That night, Robinson, who was president of the Women’s Political Council, printed 50,000 handbills on a mimeograph machine calling for a boycott of the public transit system the following Monday.

Boiled down, the effort to motivate enough people to participate in the boycott in order to have grievances known was essentially done through a WOM campaign.

On Friday, December 2,  Robinson and a small group distributed the handbills, taking many of them to schools for high school students to carry home to their parents for the weekend. She also carried them to a meeting of clergymen who signed onto the plan as early adopters and promised to encourage their congregants on Sunday morning to participate in the boycott. Also on Sunday, in the local newspaper, there was a full-page ad about the boycott.

In Social Influence Model and Electronic Word of Mouth, WOM is called “particularly influential” (Okazaki, 2009, p. 439).

Evidently so.
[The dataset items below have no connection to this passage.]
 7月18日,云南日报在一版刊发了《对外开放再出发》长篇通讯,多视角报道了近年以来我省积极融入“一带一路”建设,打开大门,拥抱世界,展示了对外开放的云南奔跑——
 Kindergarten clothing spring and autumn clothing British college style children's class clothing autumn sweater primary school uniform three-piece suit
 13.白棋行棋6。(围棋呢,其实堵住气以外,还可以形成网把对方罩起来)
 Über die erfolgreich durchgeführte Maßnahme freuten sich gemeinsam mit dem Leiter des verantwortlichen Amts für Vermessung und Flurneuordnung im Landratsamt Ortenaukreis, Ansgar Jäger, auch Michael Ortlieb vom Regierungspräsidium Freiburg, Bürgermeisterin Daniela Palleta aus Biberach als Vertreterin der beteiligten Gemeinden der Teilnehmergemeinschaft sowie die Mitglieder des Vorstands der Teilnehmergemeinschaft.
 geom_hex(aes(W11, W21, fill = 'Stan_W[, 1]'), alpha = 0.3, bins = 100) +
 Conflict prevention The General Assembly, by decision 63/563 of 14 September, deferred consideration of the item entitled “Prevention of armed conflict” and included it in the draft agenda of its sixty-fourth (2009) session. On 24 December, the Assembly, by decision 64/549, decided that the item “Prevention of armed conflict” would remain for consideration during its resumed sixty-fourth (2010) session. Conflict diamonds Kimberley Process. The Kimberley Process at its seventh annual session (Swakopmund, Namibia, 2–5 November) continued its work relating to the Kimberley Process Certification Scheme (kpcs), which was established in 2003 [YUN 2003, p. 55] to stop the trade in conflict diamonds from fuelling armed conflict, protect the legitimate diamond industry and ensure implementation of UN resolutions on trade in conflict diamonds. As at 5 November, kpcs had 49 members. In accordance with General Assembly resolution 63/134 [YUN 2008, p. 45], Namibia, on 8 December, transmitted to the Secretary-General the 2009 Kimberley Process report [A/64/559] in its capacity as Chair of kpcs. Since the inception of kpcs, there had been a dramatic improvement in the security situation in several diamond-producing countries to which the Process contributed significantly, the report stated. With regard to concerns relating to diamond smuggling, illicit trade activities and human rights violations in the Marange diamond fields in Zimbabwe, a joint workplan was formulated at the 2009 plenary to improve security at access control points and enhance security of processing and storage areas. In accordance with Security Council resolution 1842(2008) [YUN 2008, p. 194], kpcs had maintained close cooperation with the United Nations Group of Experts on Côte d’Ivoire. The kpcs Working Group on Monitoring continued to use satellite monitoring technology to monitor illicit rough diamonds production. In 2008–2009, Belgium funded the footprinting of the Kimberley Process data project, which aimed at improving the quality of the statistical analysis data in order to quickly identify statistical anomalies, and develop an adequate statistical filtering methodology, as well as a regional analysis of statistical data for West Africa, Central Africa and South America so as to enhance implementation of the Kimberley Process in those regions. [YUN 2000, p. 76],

It took one woman a little more than 72 hours to get the word out across a city to a specific audience without social media. By some estimates, 40,000 black passengers stayed off the bus on Monday, December 5.

The one-day campaign was considered a success and was extended for 381 days. While Parks’ arrest is considered the Birth of the Civil Rights Movement, Robinson’s work should surely be considered the labor.

Modern: Kony 2012

Joseph Kony was a cult leader whose militia had terrorized parts of Central Africa for more than thirty years. His Lord’s Resistance Army (LRA) was known for the recruitment of child soldiers to use on the battlefield and was the feature of the short documentary, Kony 2012. Produced by Invisible Children, narrator Jason Russell  was the opinion leader whose desire to help a Ugandan friend stop Kony led him to this innovation.

Kony 2012 poster

With a click of a mouse, millions of people diffused this innovation by sharing the video to raise awareness of the warlord in the hopes he would be apprehended and brought to justice. If you were one those viewers thinking you could make a difference, you weren’t alone. Six days after the mini-doc was first published on YouTube, there were more than 100 million views, making it one of the most viral in history.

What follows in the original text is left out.